What is needed: Retype only the lines below from the one with "Yüzde 25 olarak" to the one with "一年来,来黄山风景区旅游的游", inclusive, skipping every image.

=== Section Start ===

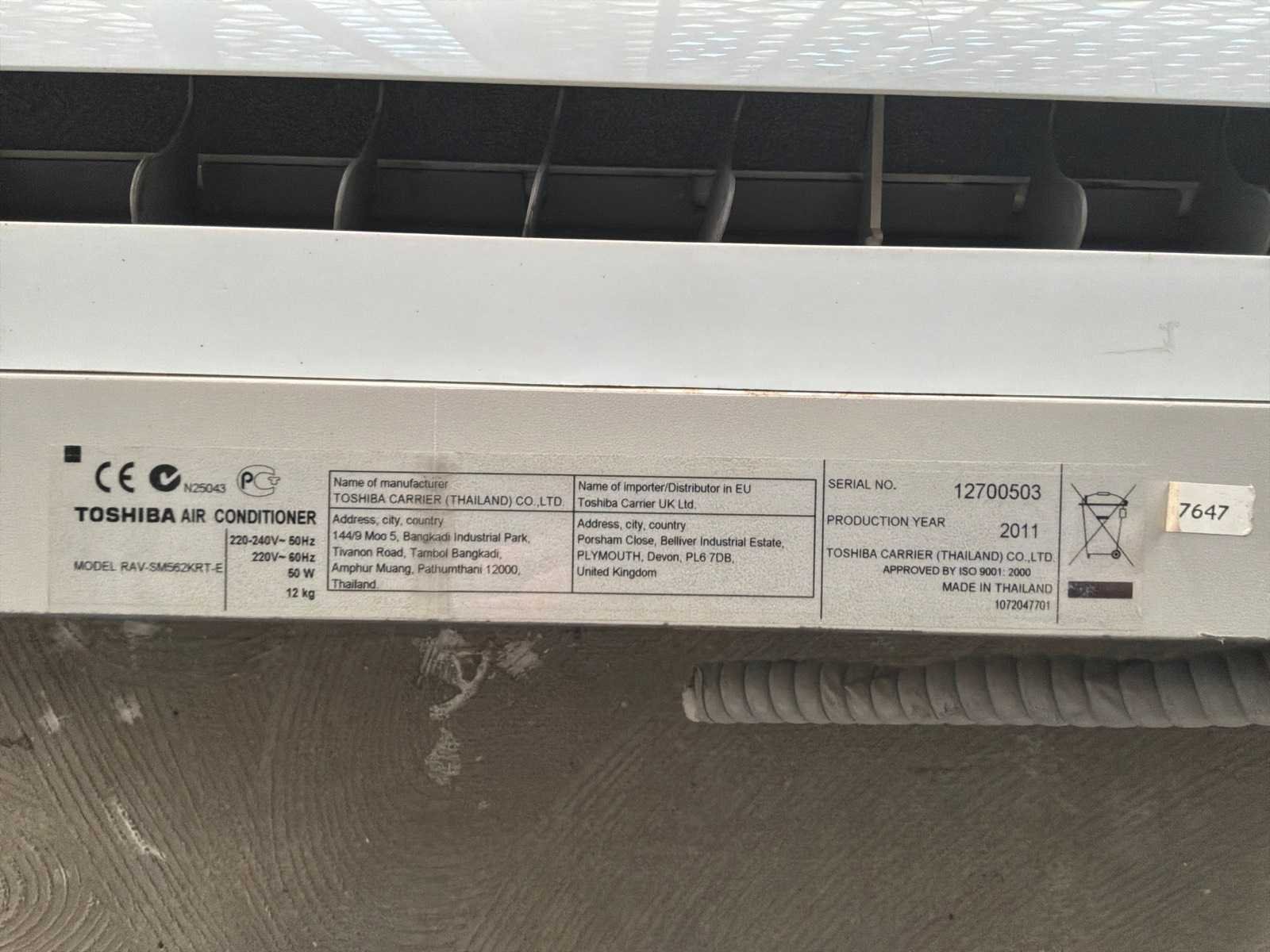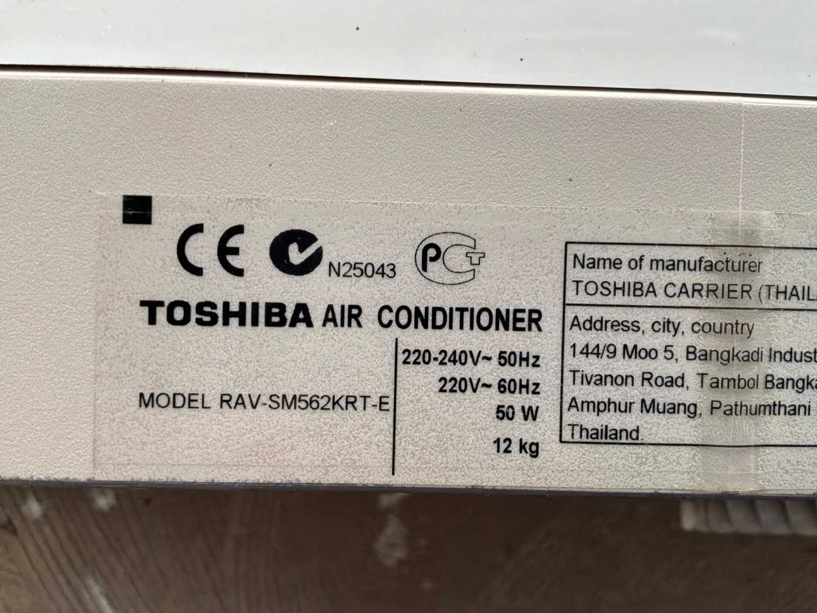 Inclusief TOSHIBA Air Conditioner binnenunit, Model; RAV-SM562KRT-E, afmetingen binnenunit; (100x30x23cm). Merk: TOSHIBA Type: RAV-SP564AT-E Bouwjaar: 2011 Serienummer: 105M0203 Type koudemiddel: R410A Aansluiting: 230V Totale afmeting L: 300mm Totale afmeting Breedte: 860mm Totale afmeting Hoogte: 560mm
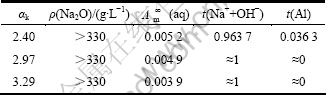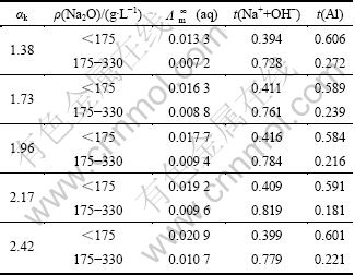 表1 铝酸钠溶液的极限摩尔电导率及铝酸根离子的离子迁移数
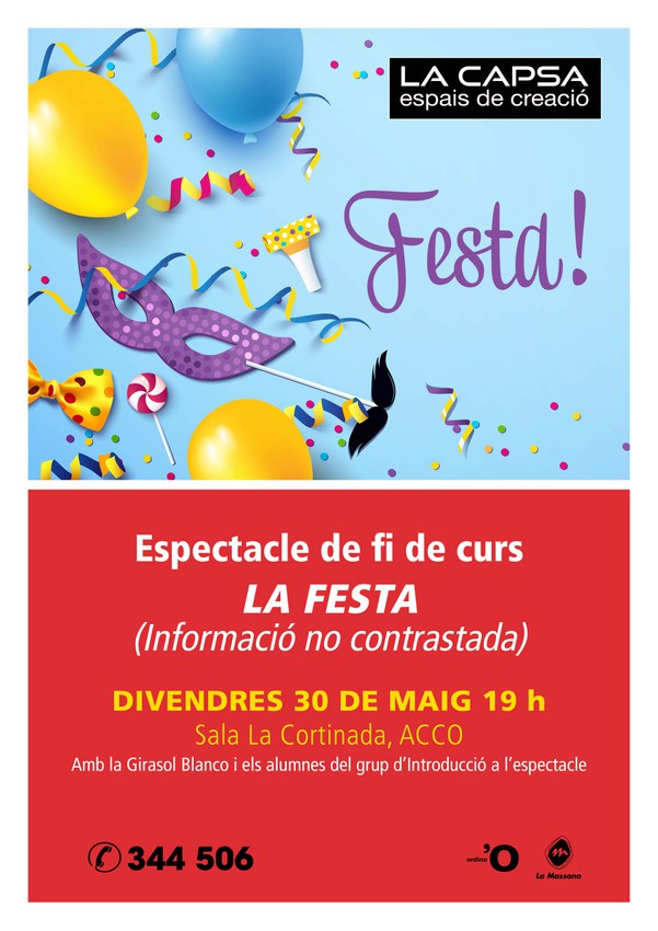 Els alumnes del grup d'introducció a l'espectacle de La Capsa dirigits per Girasol Blanco protagonitzaran l'obra de teatre 'LA FESTA (informació no contrastada)' de creació pròpia a la sala La Cortinada de l'ACCO (Andorra Congrés Centre Ordino). Serà divendres 30 de maig a les 19 h.
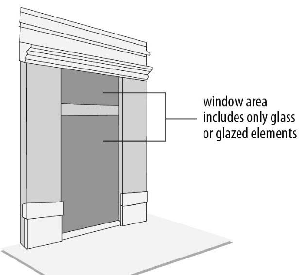 Clear glass window display area that covers at least twenty (20) percent of one facade, or thirty (30) percent of two facades.
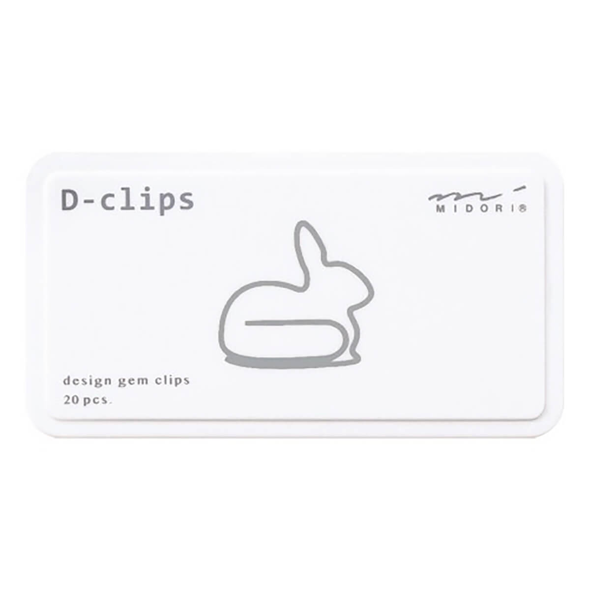 Rabbit D-Clip paterclips by Midori. Shaped metal paper clips from Midori presented in a matchbox style handy solid storage box with a sliding lid. A Japanese stationery classic.
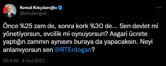 Yüzde 25 olarak açıklanan memur ve emekli maaş oranlarındaki zammın yüzde 30’a çıkarılmasıyla ilgili Erdoğan’a “Sen devlet mi yönetiyorsun, evcilik mi oynuyorsun?” diye soran Kılıçdaroğlu, paylaşımında şöyle dedi:
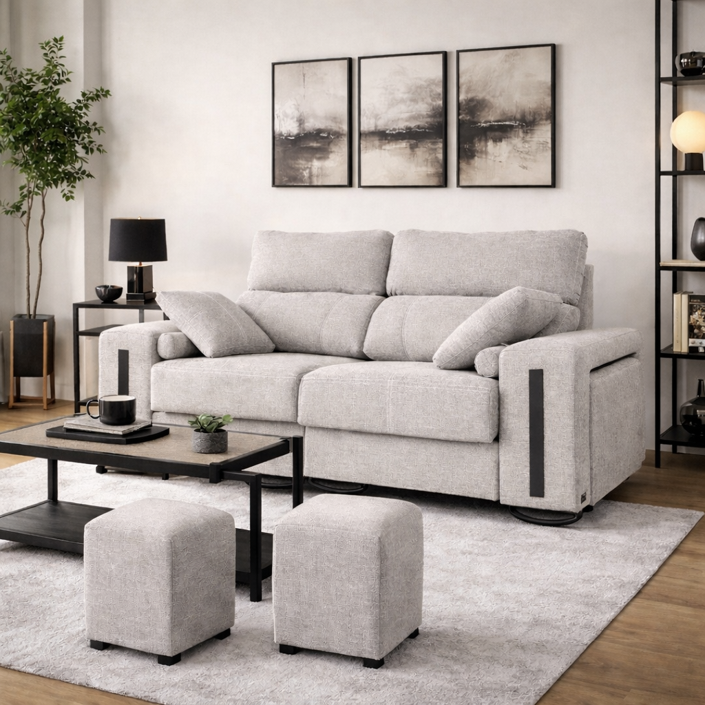 SOFA 3 CPOS THIARA ACCESORIOS NEGROS 2,10 mt
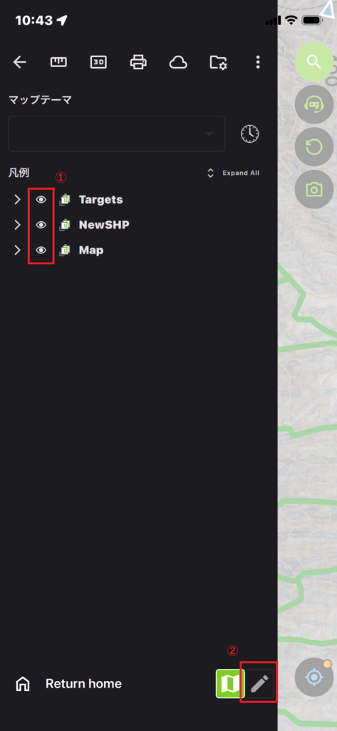 ①メニューを開きたい時は、左上の『メニュー』ボタンを押します。レイヤの一覧が確認できます。
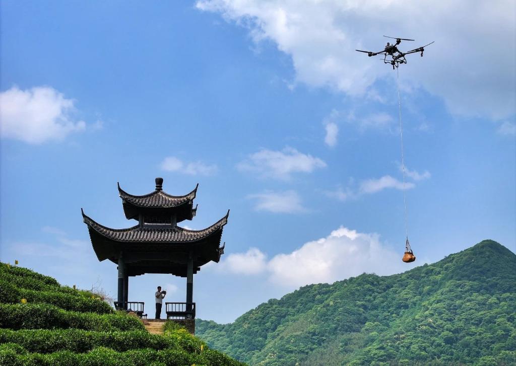 一年来,来黄山风景区旅游的游客们时常能看到:随着“嗡嗡”声响起,拉起重物的大疆无人机稳稳地向着山脚飞去。自2023年5月,这里试行开展无人机物流运输生产作业以来,5架无人机采取双机运输模式,上行补给物资,下行以布草、垃圾运输为主,截至目前已累计运送物资近千吨。
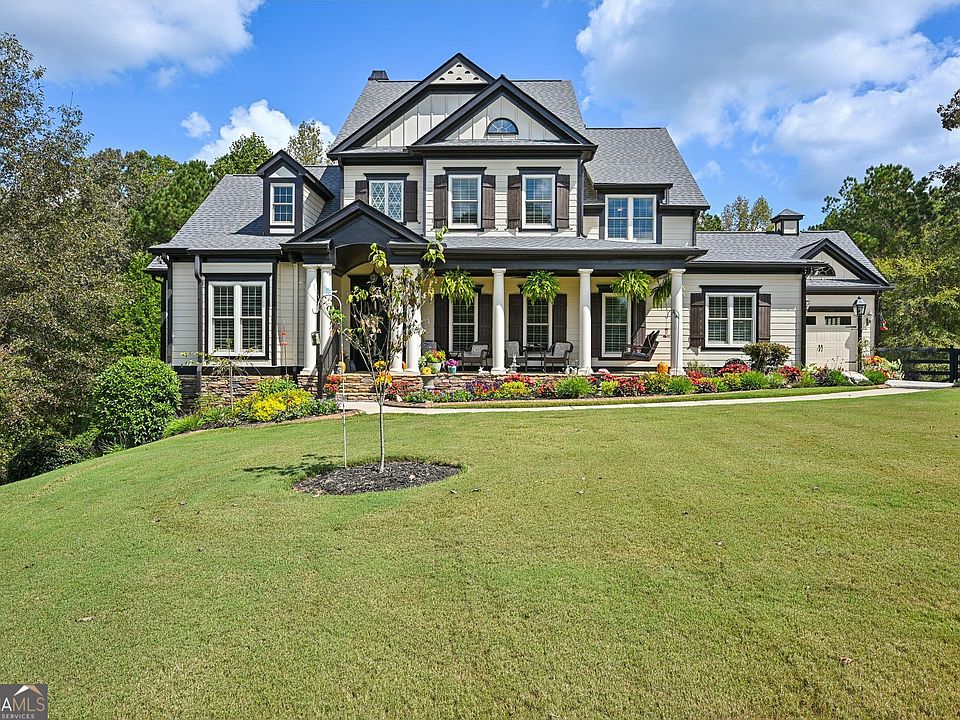 This home truly has room for everyone in this 6-bedroom, 4.5-bathroom home that perfectly blends elegance, functionality, and comfort. Featuring multiple levels of living space, this property offers everything you need for luxurious everyday living and entertaining - from a main-level primary suite to a fully finished basement with its own kitchen. With the primary bedroom on the Main Floor, enjoy convenience and privacy in the spacious owner's suite, complete with an ensuite bath and ample closet space. The main living area flows seamlessly onto the deck with lake views, perfect for indoor-outdoor living. Walk into the well-appointed kitchen with modern appliances, plenty of counter space, and storage for the home chef. The kitchen flows into a breakfast nook and keeping room with an additional fireplace. Off of the breakfast nook there is a screened in sunroom with lake views! Don't forget the charming front porch featuring ceiling fans and a swing, one of the largest in the neighborhood, ideal for warm summer evenings. Three spacious bedrooms and two full bathrooms offer comfort and flexibility for family or guests. A versatile loft area perfect for a playroom, office, home gym, or reading nook. The finished basement includes 2 bedrooms, 1 full bathroom, and a full kitchen. Ideal for in-laws, guests, or a private rental suite. Walk out directly to the lower deck, providing additional outdoor living and entertainment space. Newly installed fence and beautiful landscaping in the front and back will not disappoint!
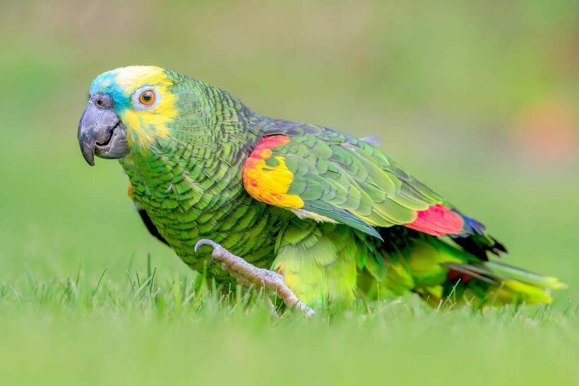 Самые крупные и яркие попугаи родом из Южной Америки, где жарко и влажно, а потому много пышной растительности, где попугаи могут находить насекомых, семена и плоды. Один из таких представителей — синелобый амазон. Он выделяется красивым зеленым оперением и голубым пятном на голове. Кроме того, он считается одним из самых умных говорящих попугаев. Но чтобы научить его словам и выражениям, потребуется немало времени.
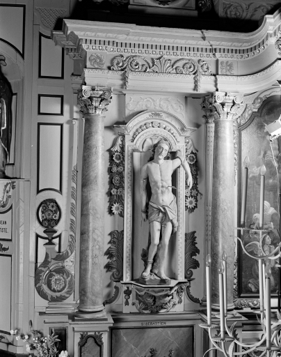 Saint Sébastien a un revers sculpté. Chaque statue est monoxyle.
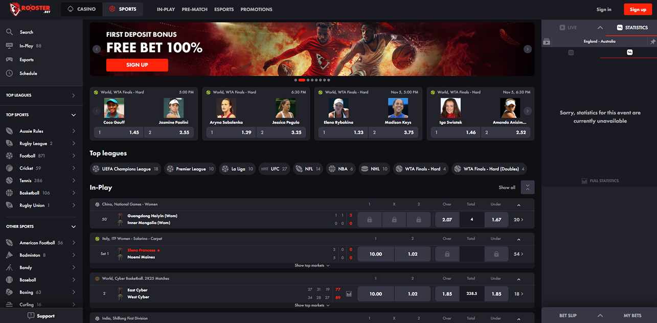 Rooster Bet is a tidy and easy-to-navigate gambling site that doesn’t mess around. The design is pleasing to the eye, with a side panel for main categories and quick links to promos, games, and support. The main colors on the site are shades of black, red, and white.
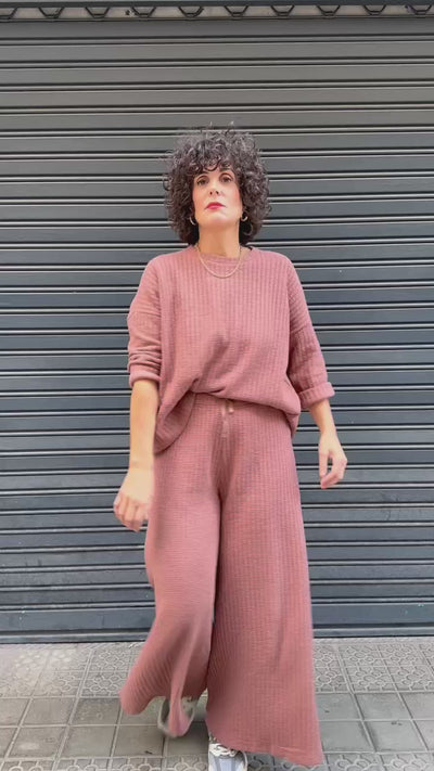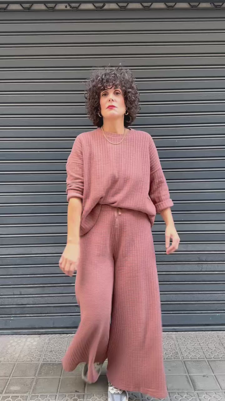 Camiseta de manga larga en tejido de canalé ancho, con una textura suave y ligeramente elástica que aporta comodidad y calidez. Su color teja apagado tiene ese tono otoñal que combina fácilmente con vaqueros, beige o verdes suaves. El corte recto y los puños vueltos le dan un aire desenfadado y natural, ideal para el día a día o para superponer bajo chaquetas de pana o punto grueso en los primeros días frescos de otoño.
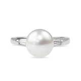 Platinum 8mm Cultured Pearl and Baguette Diamond Ring

=== Section End ===

Solution to this problem:
 Yüzde 25 olarak açıklanan memur ve emekli maaş oranlarındaki zammın yüzde 30’a çıkarılmasıyla ilgili Erdoğan’a “Sen devlet mi yönetiyorsun, evcilik mi oynuyorsun?” diye soran Kılıçdaroğlu, paylaşımında şöyle dedi:
 SOFA 3 CPOS THIARA ACCESORIOS NEGROS 2,10 mt
 ①メニューを開きたい時は、左上の『メニュー』ボタンを押します。レイヤの一覧が確認できます。
 一年来,来黄山风景区旅游的游客们时常能看到:随着“嗡嗡”声响起,拉起重物的大疆无人机稳稳地向着山脚飞去。自2023年5月,这里试行开展无人机物流运输生产作业以来,5架无人机采取双机运输模式,上行补给物资,下行以布草、垃圾运输为主,截至目前已累计运送物资近千吨。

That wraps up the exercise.